The ability run all these kinds of apps forced a certain kind of design that the average user didn't need. The consumer found that what they wanted to be able to shop, browse, read books, watch Netflix, play games, check their email, manage their Facebook page, and often, little more.  And they wanted to do it all with great security and minimum fuss with backups. The iPad distilled the essence of what we need to do on a casual basis, and that drove its initial popularity through the roof.
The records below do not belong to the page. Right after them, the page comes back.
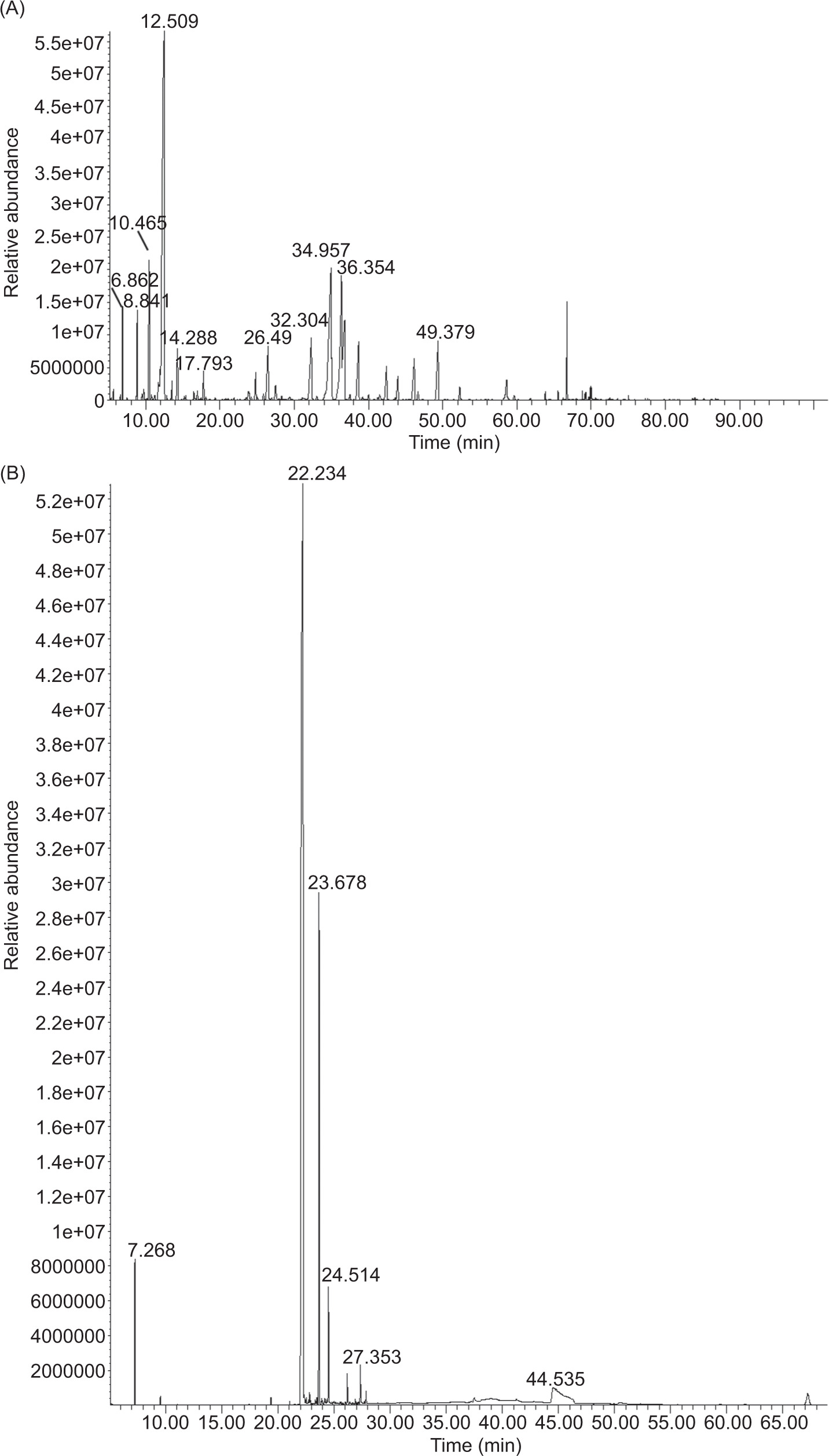Figure 1. The gas chromatography-mass spectrometer analysis of AEO (A) and CEO (B).
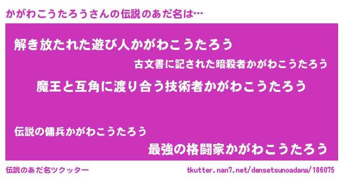 | ヒーロー風カッコイイあだ名 | 『サイバー戦士カガワコウタロウ』 |
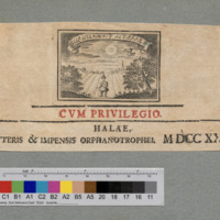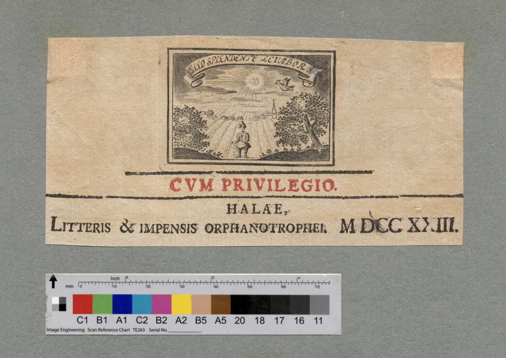 - CVM PRIVILEGIO. / HALAE, / LITTERIS & IMPENSIS ORPHANOTROPHEI. / M DCC XXIII.
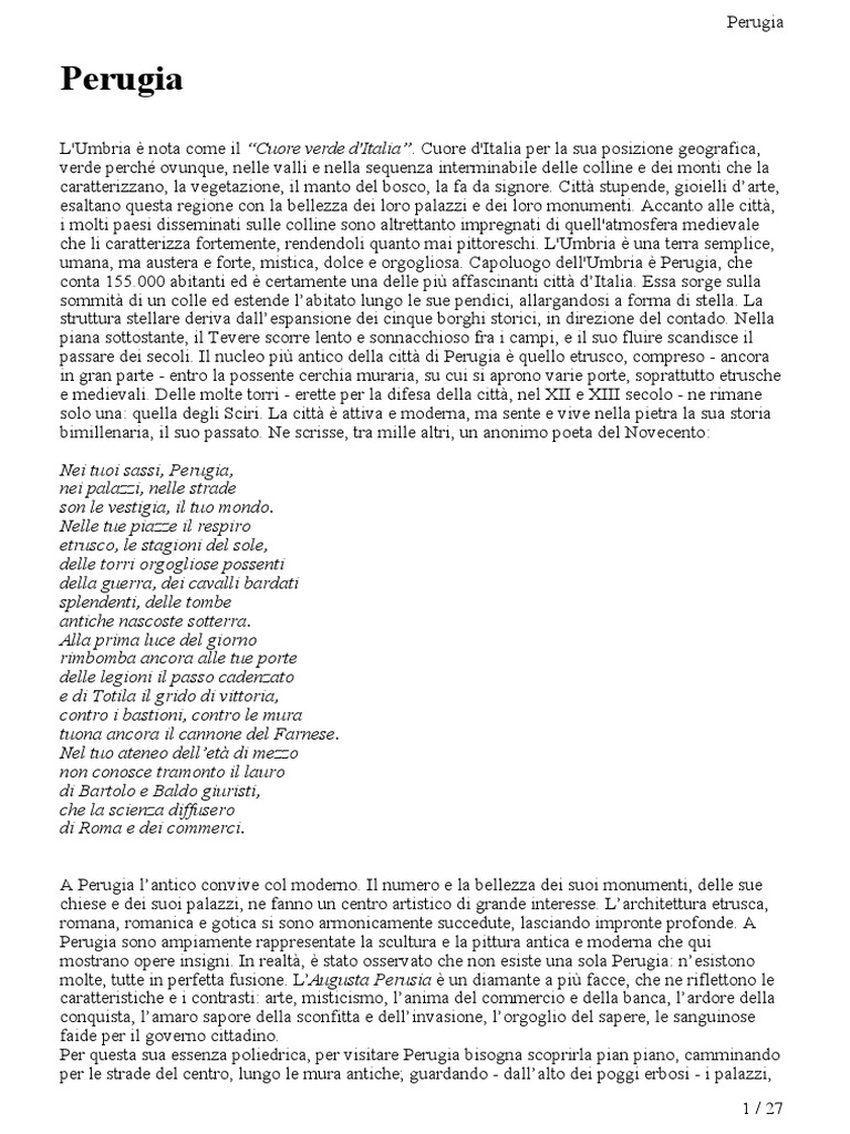 mostrano opere insigni. In realt, stato osservato che non esiste una sola Perugia: nesistono
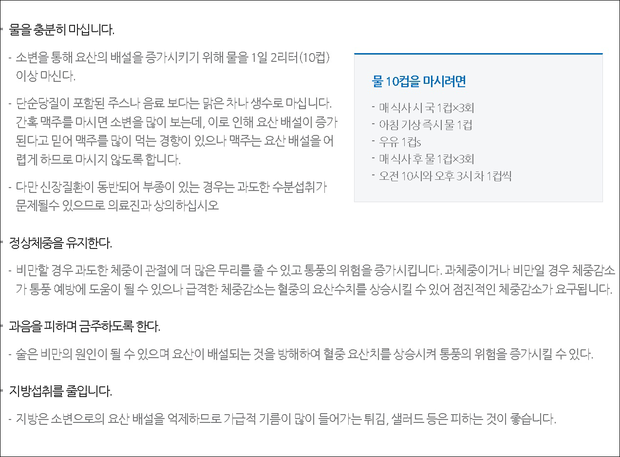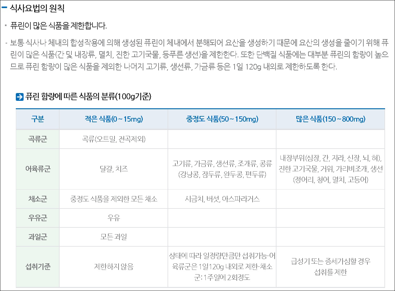 3. 퓨린이 많이 함유된 음식물을 적게 섭취하는 등 식이조절을 해야 하며 과음, 과식을 피하고 과체중이 되지 않도록 체중 관리에 신경을 써야 합니다.
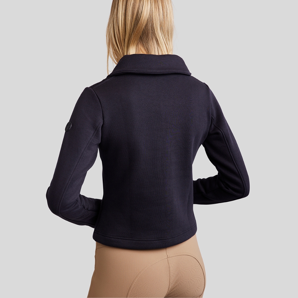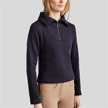 De sweatshirt heeft een praktische ritssluiting in glanzend metaal met een logo hanger.
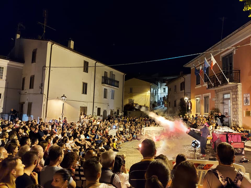 Dalle 17:00, tutti potranno cimentarsi con i giochi di una volta di Cai Mercati, poi alle 18.00 aprirà l’area street food con stand gastronomici espressione del territorio tra hamburger gourmet, arrosticini, piatti al tartufo, panini, crêpes e zucchero filato. Alle 20.00 cominceranno gli spettacoli, portati in scena da eclettici artisti provenienti dal Togo, il Portogallo, il Cile, la Germania, l’Argentina e l’Italia. Si resterà incantati davanti alle acrobazie tra danze e trampoli della compagnia Afuma, e le emozioni saranno a fior di pelle con lo spettacolo dal grande impatto visivo del Piccolo Nuovo Teatro, che riserva sempre nuove sorprese. Ci si divertirà tantissimo con le improvvisazioni del clown, acrobata e attore Daniel Gonçalves, che tra le tante esperienze professionali, è stato protagonista anche del film Dumbo della Disney, per la regia di Tim Burton. E poi Mistral, con il suo palo cinese alto circa 5 metri, coinvolgerà gli spettatori in uno show al limite del possibile. Girovagando per le stradine di Castel del Giudice, lo sguardo sarà catturato dalle fiamme di Creme&Brulè, che uniscono il teatro di figura con l’arte della manipolazione del fuoco con umorismo e numeri talentuosi. Il groove ipnotico della techno e la potenza dei fiati della street band Bandakadabra guideranno gli spettatori tra uno show e l’altro. Mentre gli equilibrismi di Los Filonautas terranno tutti con il fiato sospeso.
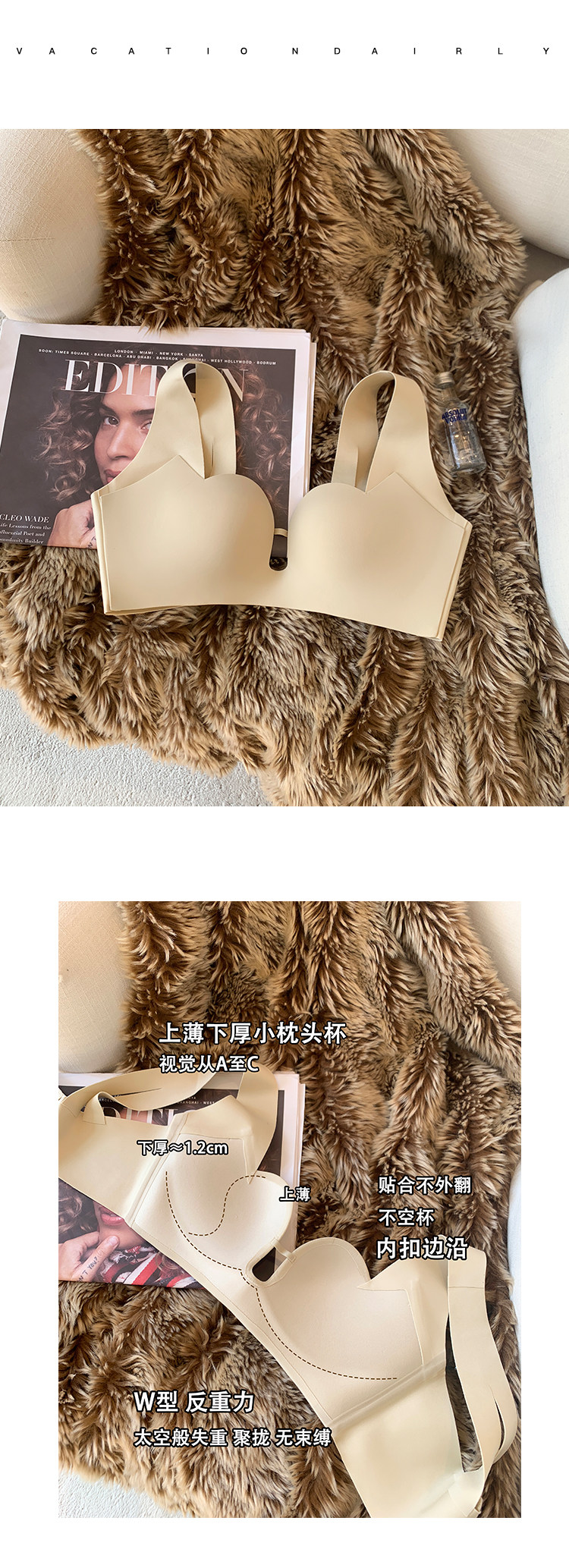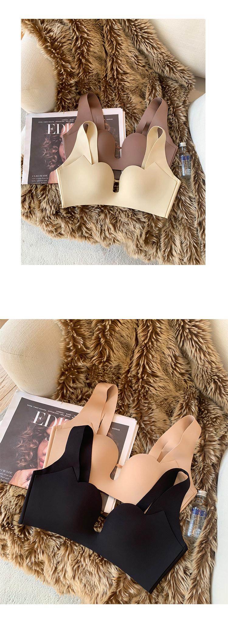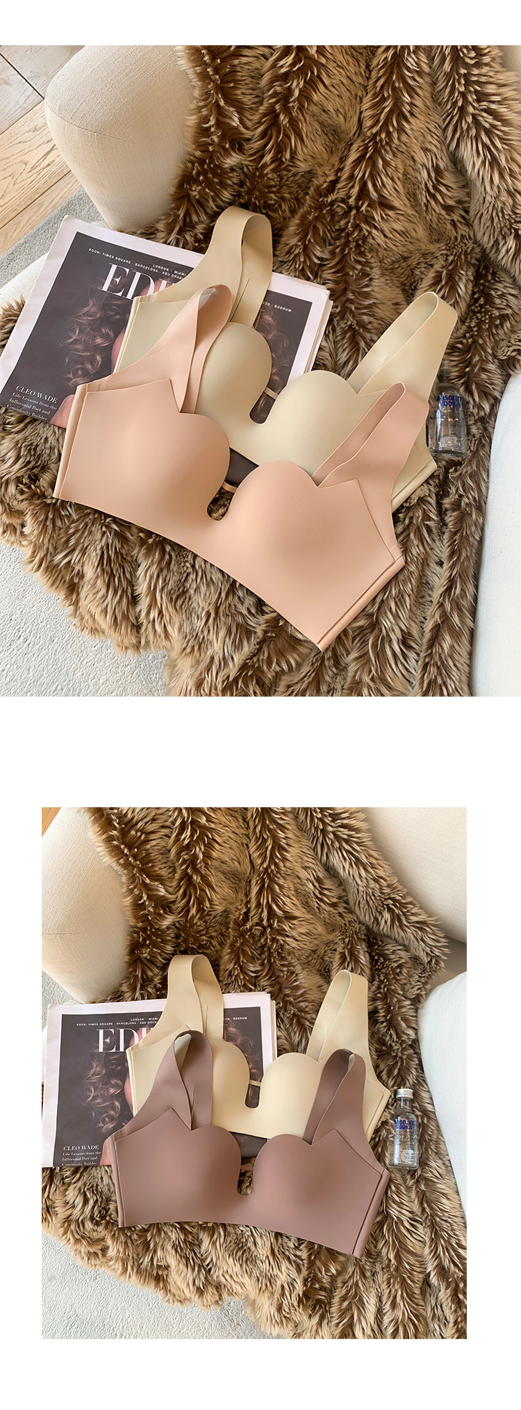 Ropa interior sin costuras japonesa superior de las mujeres delgada inferior grueso pequeño pecho push up soporte superior inalámbrico soporte suave sujetador de mama
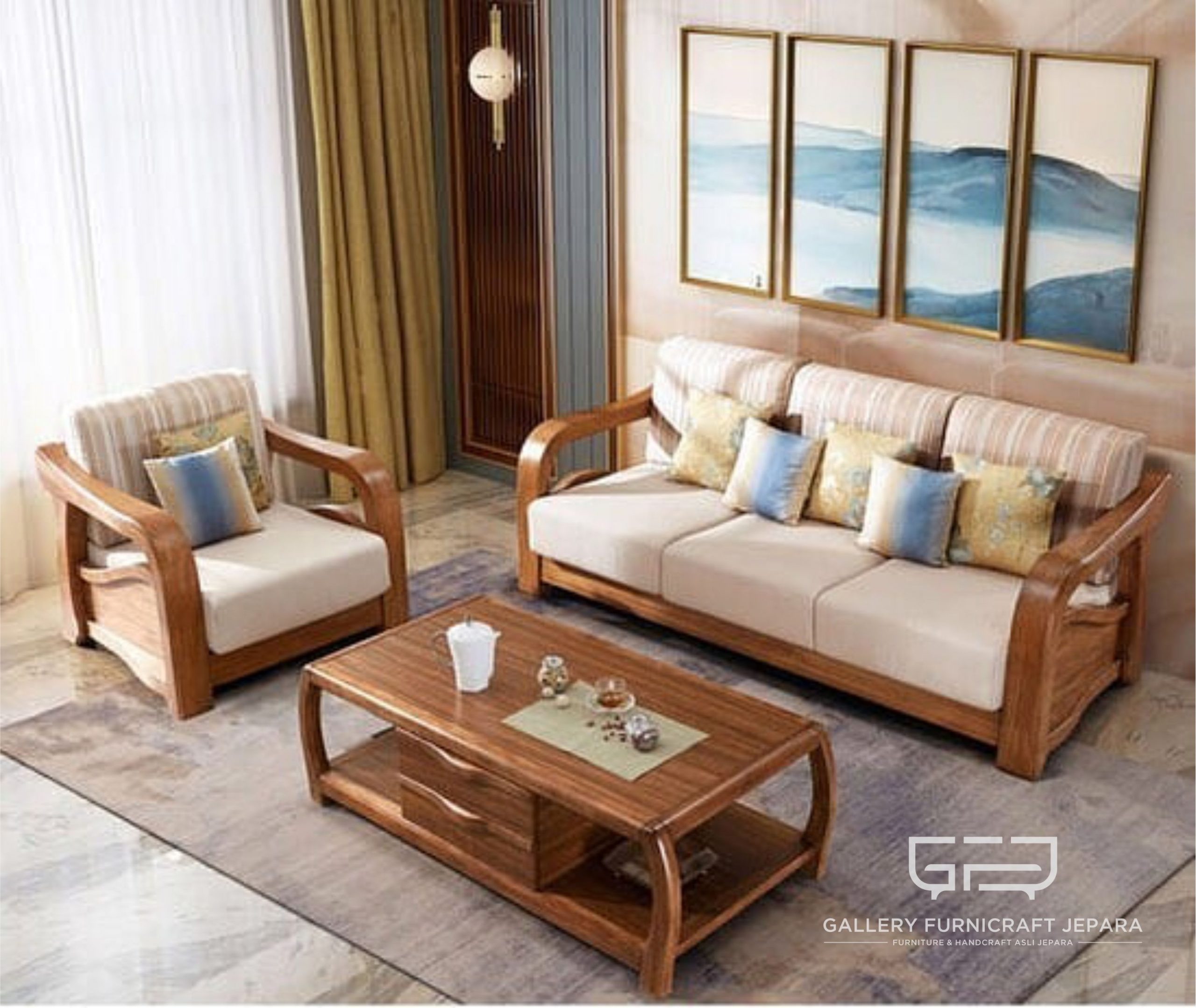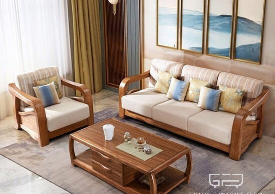 SOFA TAMU GANESA 3.2.1.1 SEATER + MEJA & 2 PUK cocok digunakan untuk sofa, kursi tamu dll, dengan bahan baku kayu jati, finishing duco gold yang mewah Spesifikasi : – Material Kayu Jati – .
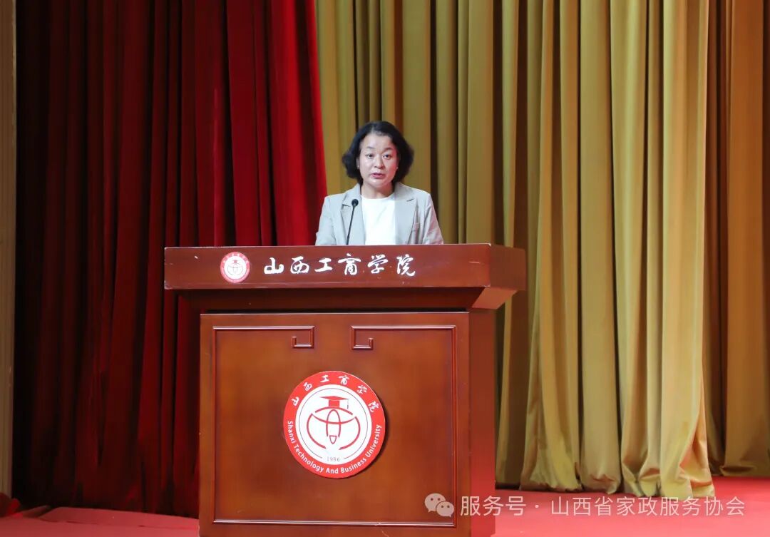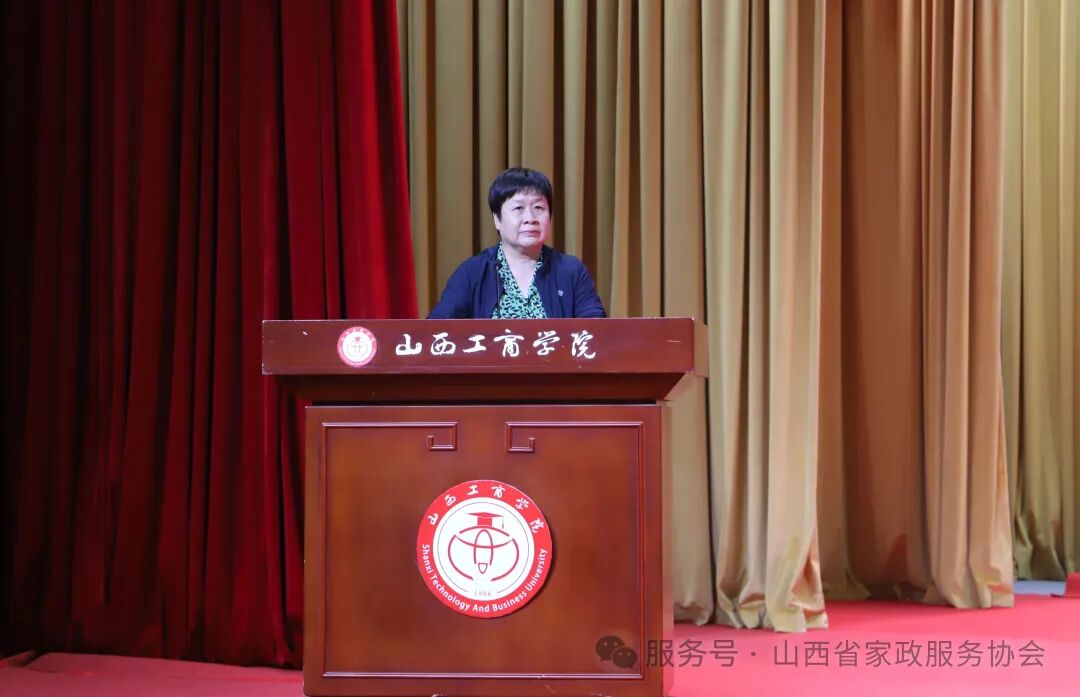 山西省家政服务协会会长郑宝兰也出席活动并发表讲话。她着重强调,无论面临何种挑战,各方都应共同支持山西工商学院保住“家政本科”这一珍贵的“独苗”——若失去这一本科专业支撑,家政领域的产教融合便会沦为空谈、流于形式。自担任会长以来,郑宝兰始终积极推动山西省家政行业的产教融合工作,主动搭建校企合作交流平台。不仅如此,她还亲力亲为投身人才培养一线:为大一新生开设行业认知讲座,帮助新生建立对家政专业的初步了解;为即将毕业的学生辅导毕业论文,助力其顺利完成学业;走进课堂为大学生授课,分享行业实践经验;同时,还为大学教师提供“见习”机会,帮助教师提升实践教学能力。
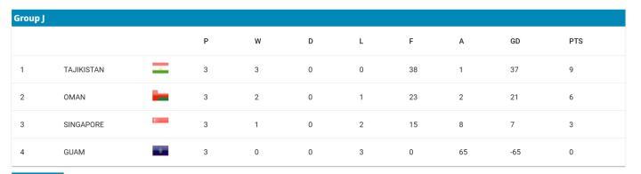 三轮比赛过后,关岛U16国少三战全败,打进0球丢65球,净胜球为-65。

However, if the popularity of the iPad was derived from its limitations, then how can it grow beyond that?

The Secret to Growth

The iPhone is a little different. It's size means that it's always attached to us. We have it with us when we go out for gas, we have it on our night stand (perhaps) when we goto bed. Because it is always with us, it needs to and can do many more things. That means that the opportunities for technical growth are there thanks to personal needs, like health monitoring. It's also our immediate connection to voice, messages and our social sphere. Plus, because it's always with us, it's a status symbol. People see us using it all the time in public. Not so much with iPads. That's why an iPhone with sapphire display is so attractive. The iPhone is virtually jewelry. And a symbol of who we are. And so we ask a lot of it.

If the iPad is going to flourish, it has to expand in its capability and that means being adopted in broader markets. Instead of simply being a consumer window into the Internet, it has to eventually be the heavy lifter of our lives. In turn, that means the software has to evolve and the displays have to get bigger, just as the smartphone evolved into larger displays to meet our needs.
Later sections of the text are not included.